◆ PROVIDED MATERIAL
______________________________

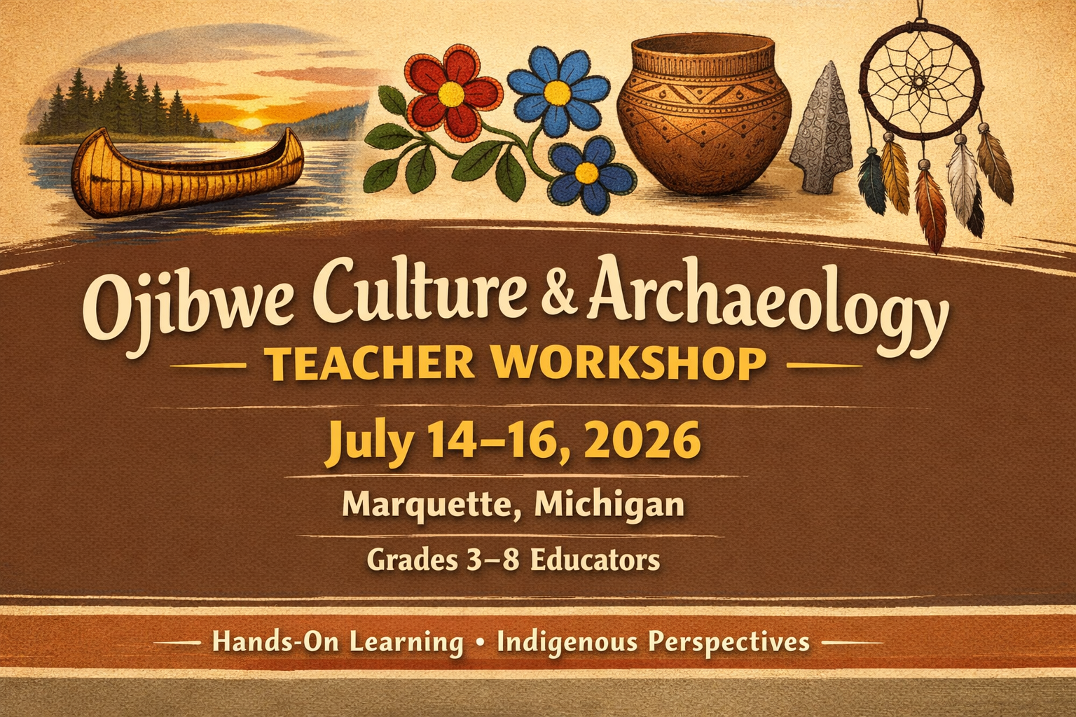 Participants will experience modeled lessons as learners, analyze historic data from authentic archaeological sites, hear from Indigenous presenters, and explore new ways to connect students to museums and archaeological sites. Registration includes curriculum books, an interactive Ojibwe language presentation by Nashke Games, and a cultural presentation by a local Ojibwe educator. One day of the workshop will take place at the Marquette Regional History Center for additional hands-on learning and exhibit exploration.
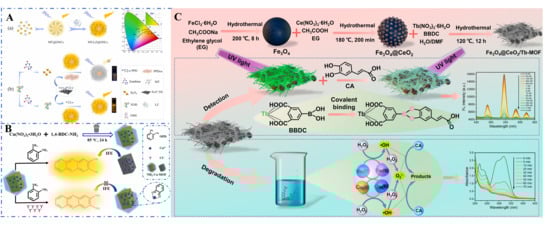 - Liao, X.; Li, B.; Wang, L.; Chen, Y. Boric acid functionalized Fe3O4@CeO2/Tb-MOF as a luminescent nanozyme for fluorescence detection and degradation of caffeic acid. Biosens. Bioelectron. 2024, 264, 116637. [Google Scholar] [CrossRef]
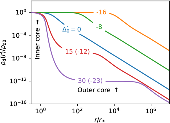 Halo density profiles normalized by the central density. Curves are labeled by the central degree of degeneracy Δ0. The double-core feature can be clearly seen for profiles with Δ0 > 0. When an outer core appears, the value of Δoc is shown in parentheses.

______________________________

◆ PROBLEM STATEMENT
When you return the listing, keep it exact and omit any pictures it holds.

◆ EXERCISE SOLUTION
 Participants will experience modeled lessons as learners, analyze historic data from authentic archaeological sites, hear from Indigenous presenters, and explore new ways to connect students to museums and archaeological sites. Registration includes curriculum books, an interactive Ojibwe language presentation by Nashke Games, and a cultural presentation by a local Ojibwe educator. One day of the workshop will take place at the Marquette Regional History Center for additional hands-on learning and exhibit exploration.
 - Liao, X.; Li, B.; Wang, L.; Chen, Y. Boric acid functionalized Fe3O4@CeO2/Tb-MOF as a luminescent nanozyme for fluorescence detection and degradation of caffeic acid. Biosens. Bioelectron. 2024, 264, 116637. [Google Scholar] [CrossRef]
 Halo density profiles normalized by the central density. Curves are labeled by the central degree of degeneracy Δ0. The double-core feature can be clearly seen for profiles with Δ0 > 0. When an outer core appears, the value of Δoc is shown in parentheses.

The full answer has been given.